Entries supplied:
#####

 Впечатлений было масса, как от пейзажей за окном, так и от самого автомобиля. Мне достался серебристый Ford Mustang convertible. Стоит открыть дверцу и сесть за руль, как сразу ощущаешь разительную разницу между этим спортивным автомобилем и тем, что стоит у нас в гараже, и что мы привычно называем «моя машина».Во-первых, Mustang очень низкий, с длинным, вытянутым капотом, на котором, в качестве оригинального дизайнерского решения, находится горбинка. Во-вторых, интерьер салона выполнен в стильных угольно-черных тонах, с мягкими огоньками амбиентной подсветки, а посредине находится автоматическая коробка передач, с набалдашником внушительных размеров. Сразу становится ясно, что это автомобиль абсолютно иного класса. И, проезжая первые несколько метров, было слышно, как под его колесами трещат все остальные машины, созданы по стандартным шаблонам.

#####

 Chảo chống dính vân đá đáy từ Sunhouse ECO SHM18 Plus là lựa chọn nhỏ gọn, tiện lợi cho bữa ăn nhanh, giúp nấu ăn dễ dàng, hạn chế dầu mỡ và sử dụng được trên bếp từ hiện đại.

#####

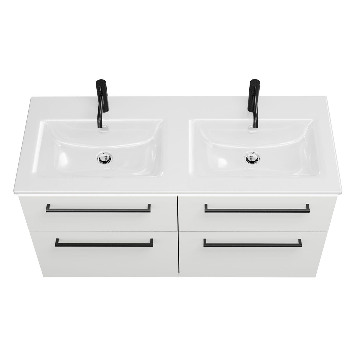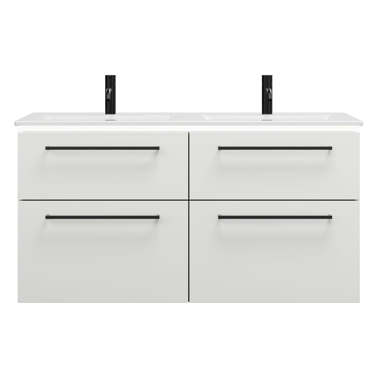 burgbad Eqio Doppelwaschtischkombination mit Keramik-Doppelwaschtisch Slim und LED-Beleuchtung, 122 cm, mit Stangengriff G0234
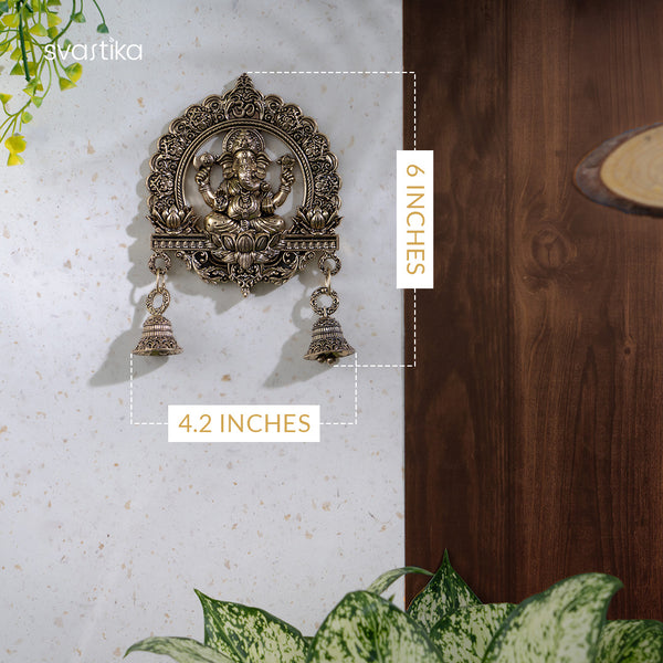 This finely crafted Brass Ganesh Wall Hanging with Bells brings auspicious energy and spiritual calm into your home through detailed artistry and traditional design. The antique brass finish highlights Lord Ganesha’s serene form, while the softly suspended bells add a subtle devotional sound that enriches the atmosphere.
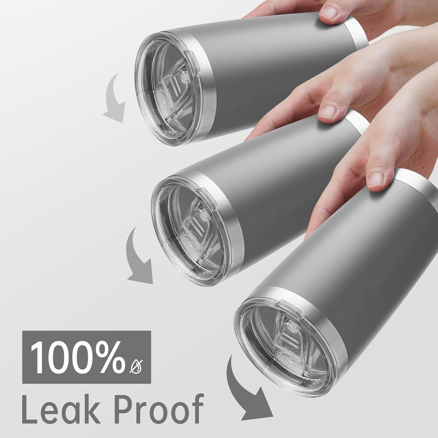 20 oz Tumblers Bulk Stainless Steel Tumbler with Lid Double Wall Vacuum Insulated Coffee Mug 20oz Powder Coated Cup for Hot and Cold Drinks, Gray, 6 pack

#####

What you are asked to do: Print the part of the listing above that opens with the line containing "burgbad Eqio Doppelwaschtischkombination" and closes with the line containing "20 oz Tumblers". Copy it exactly, both ends included, and omit the pictures.

Task result:
 burgbad Eqio Doppelwaschtischkombination mit Keramik-Doppelwaschtisch Slim und LED-Beleuchtung, 122 cm, mit Stangengriff G0234
 This finely crafted Brass Ganesh Wall Hanging with Bells brings auspicious energy and spiritual calm into your home through detailed artistry and traditional design. The antique brass finish highlights Lord Ganesha’s serene form, while the softly suspended bells add a subtle devotional sound that enriches the atmosphere.
 20 oz Tumblers Bulk Stainless Steel Tumbler with Lid Double Wall Vacuum Insulated Coffee Mug 20oz Powder Coated Cup for Hot and Cold Drinks, Gray, 6 pack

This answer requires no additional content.